Start of Records for this task

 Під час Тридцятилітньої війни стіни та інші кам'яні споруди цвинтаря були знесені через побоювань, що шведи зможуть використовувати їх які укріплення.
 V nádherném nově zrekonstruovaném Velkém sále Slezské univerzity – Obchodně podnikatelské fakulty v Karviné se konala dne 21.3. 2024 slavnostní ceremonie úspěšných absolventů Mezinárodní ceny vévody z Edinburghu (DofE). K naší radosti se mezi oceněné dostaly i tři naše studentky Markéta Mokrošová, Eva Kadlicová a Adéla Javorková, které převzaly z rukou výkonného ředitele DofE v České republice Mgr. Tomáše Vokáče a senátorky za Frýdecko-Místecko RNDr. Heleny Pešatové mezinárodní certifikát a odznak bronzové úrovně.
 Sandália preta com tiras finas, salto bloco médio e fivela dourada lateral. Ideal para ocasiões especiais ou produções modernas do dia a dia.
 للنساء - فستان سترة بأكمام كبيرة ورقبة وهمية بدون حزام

End of Records for this task
Start of Records for this task

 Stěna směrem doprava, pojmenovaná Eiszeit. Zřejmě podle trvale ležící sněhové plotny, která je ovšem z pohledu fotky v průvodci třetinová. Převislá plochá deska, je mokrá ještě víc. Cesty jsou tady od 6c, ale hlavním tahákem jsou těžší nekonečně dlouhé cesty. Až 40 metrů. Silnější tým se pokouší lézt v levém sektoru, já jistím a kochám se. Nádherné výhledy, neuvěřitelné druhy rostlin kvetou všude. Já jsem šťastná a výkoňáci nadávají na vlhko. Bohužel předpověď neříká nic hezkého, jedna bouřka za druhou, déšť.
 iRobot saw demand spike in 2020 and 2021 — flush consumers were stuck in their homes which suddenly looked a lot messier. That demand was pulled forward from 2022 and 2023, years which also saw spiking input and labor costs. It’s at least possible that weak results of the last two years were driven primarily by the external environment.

End of Records for this task

- [What you will do] Only the lines above starting at the one containing "Sandália preta com" and ending at the one containing "للنساء - فستان", both included, are to be returned, exactly as they read.

- [Solution for this exercise]
 Sandália preta com tiras finas, salto bloco médio e fivela dourada lateral. Ideal para ocasiões especiais ou produções modernas do dia a dia.
 للنساء - فستان سترة بأكمام كبيرة ورقبة وهمية بدون حزام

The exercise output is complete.